By translating browser data into physical formats, the project explores how patterns of access, frequency, and topic can construct a portrait of behavior over time.
Design
The visual system uses indexing, repetition, and categorization to transform personal data into a structured publication series across 72 unique topics.
All publications were generated using HTML, CSS, and Paged.js, using the browser as both design and printing tool.
Outcome
- Three printed volumes (including two 500-page index books and one data visualization book)

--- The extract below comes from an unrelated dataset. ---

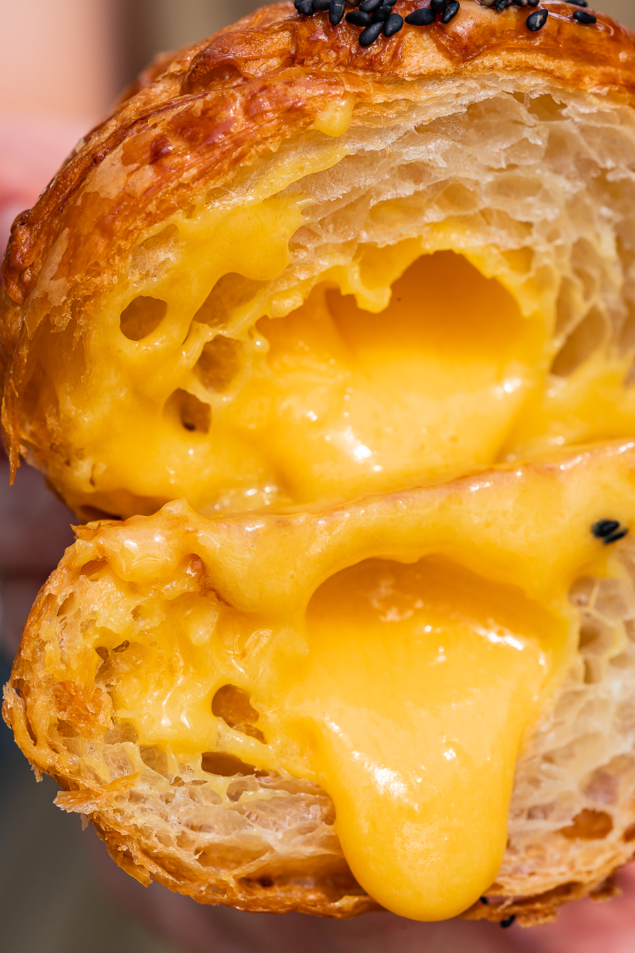 可颂每日现场烘烤,由于排队的人太多,所以每人每次限购6个哦,想买多就只能重新再去排队。croissant croissant croissant croissant店里的可颂,皆是由原味的蜂巢可颂制作。因为选用日本百年大厂面粉发酵,所以质地细致,内芯的口感会更松软。发酵好的可颂,会淋上一层独家特调酱。再放入榛果烘烤,吃时会有很浓郁烘烤后的黄油香,外层酥皮略微有些马卡龙口感,yep,这也是他名字的来由。croissant croissant croissant croissant流沙一直是深圳人团宠。金沙口感的可颂虽然常见,但抵不住粉丝就是多。蜂窝切面湿软又有韧劲,制作时师傅会从底部注入超满流沙,微微掰开,流沙就如像岩浆流入,为此本人还弄脏了一双鞋,我恨。croissant croissant croissant croissant【松露白酱蟹肉棒可颂】可颂“开膛”后,师傅会将蟹味棒放上芝士,用炙烤寿司一样的手法制作,最终混合松露白酱一起放入可颂中,是少见的咸味可颂。

- A poster and supporting visualizations translating select data into public-facing formats
- A web-based project,
Have You Been Stalked By Katelyn Lee?,
extending the dataset into an interactive experience
Context
Role
Designer & Developer
Duration
8 months
Skills
HTML, CSS, Paged.js, p5.js, InDesign, Photoshop, Bookbinding
Collaborators
Elaine Lopez (Thesis Advisor)
Annotation
Each entry was manually categorized using a custom topic key, building a structured system through iterative tagging.
Data Collection
24,740 browser history entries were exported and compiled over six months.
Visualization
The third publication translates data into visual forms, contextualizing and humanizing patterns as moments of lived experience and relatability.
Covers
Each volume’s cover functions as a data visualization of its contents, translating the indexed material into a surface-level graphic. The exterior reflects the structure within, allowing the system to be read before the book is opened.
Reflection
The process of working with this dataset was overwhelming in scale, revealing volumes of activity I didn’t fully remember. It felt like accessing an offloaded drive of my memories—an incomplete but detailed record of behavior.
Beyond documentation, the project suggests that our digital traces do indeed construct versions of identity that are flattened, partial, and open to interpretation.
Rather than offering answers, it invites reflection on what is recorded, how it is categorized, and how we are ultimately perceived through data we don’t fully control.